#### [DATA EXTRACT]
▼

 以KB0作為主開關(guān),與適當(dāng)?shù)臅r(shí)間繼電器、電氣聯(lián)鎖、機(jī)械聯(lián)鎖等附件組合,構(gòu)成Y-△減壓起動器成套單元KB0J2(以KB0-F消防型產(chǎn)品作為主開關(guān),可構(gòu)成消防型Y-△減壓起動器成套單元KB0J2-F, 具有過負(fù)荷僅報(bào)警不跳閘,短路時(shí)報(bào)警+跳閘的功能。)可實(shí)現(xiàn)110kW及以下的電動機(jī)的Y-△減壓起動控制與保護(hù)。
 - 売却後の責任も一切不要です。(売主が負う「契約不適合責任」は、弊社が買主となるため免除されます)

▲
▼

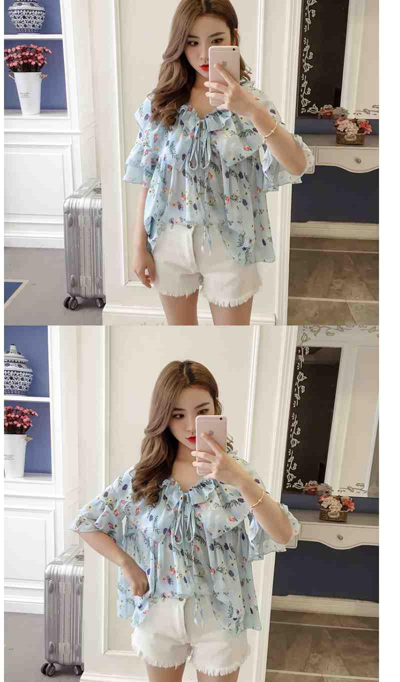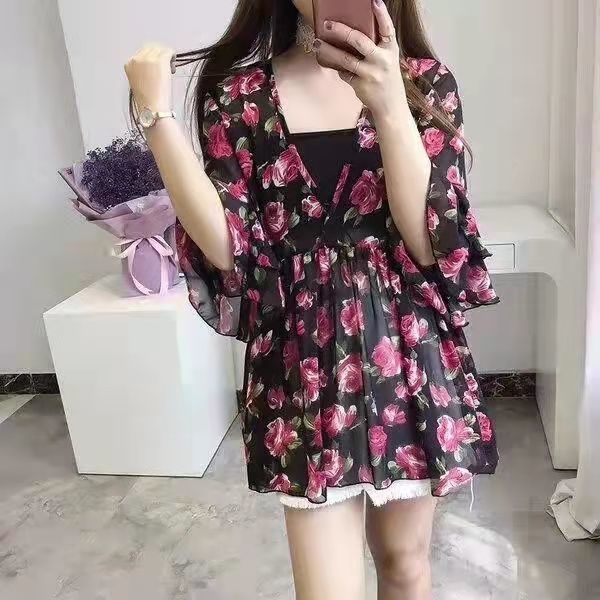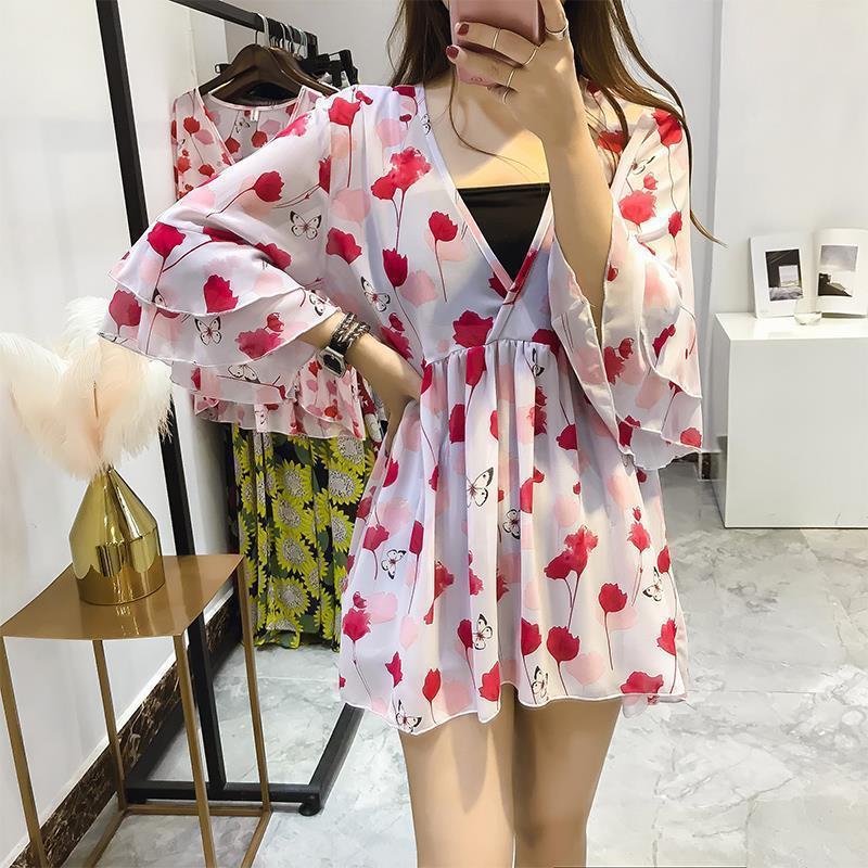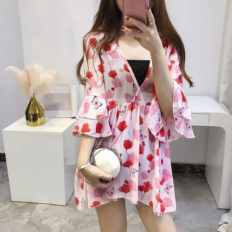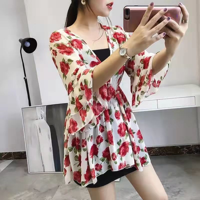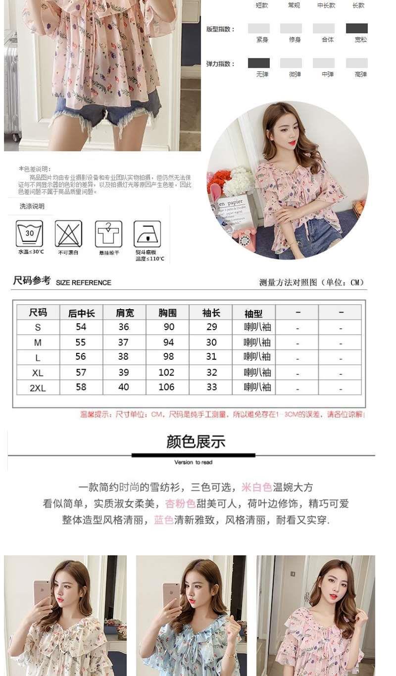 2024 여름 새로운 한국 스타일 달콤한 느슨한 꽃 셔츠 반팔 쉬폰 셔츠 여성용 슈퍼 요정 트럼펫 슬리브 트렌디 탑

▲

#### [ABOUT THIS TASK]
Print exactly the lines above, between the one holding "以KB0作為主開關(guān" and the one holding "- 売却後の責任も一切不要で", inclusive, and nothing besides.

#### [SOLUTION FOR THIS EXERCISE]
 以KB0作為主開關(guān),與適當(dāng)?shù)臅r(shí)間繼電器、電氣聯(lián)鎖、機(jī)械聯(lián)鎖等附件組合,構(gòu)成Y-△減壓起動器成套單元KB0J2(以KB0-F消防型產(chǎn)品作為主開關(guān),可構(gòu)成消防型Y-△減壓起動器成套單元KB0J2-F, 具有過負(fù)荷僅報(bào)警不跳閘,短路時(shí)報(bào)警+跳閘的功能。)可實(shí)現(xiàn)110kW及以下的電動機(jī)的Y-△減壓起動控制與保護(hù)。
 - 売却後の責任も一切不要です。(売主が負う「契約不適合責任」は、弊社が買主となるため免除されます)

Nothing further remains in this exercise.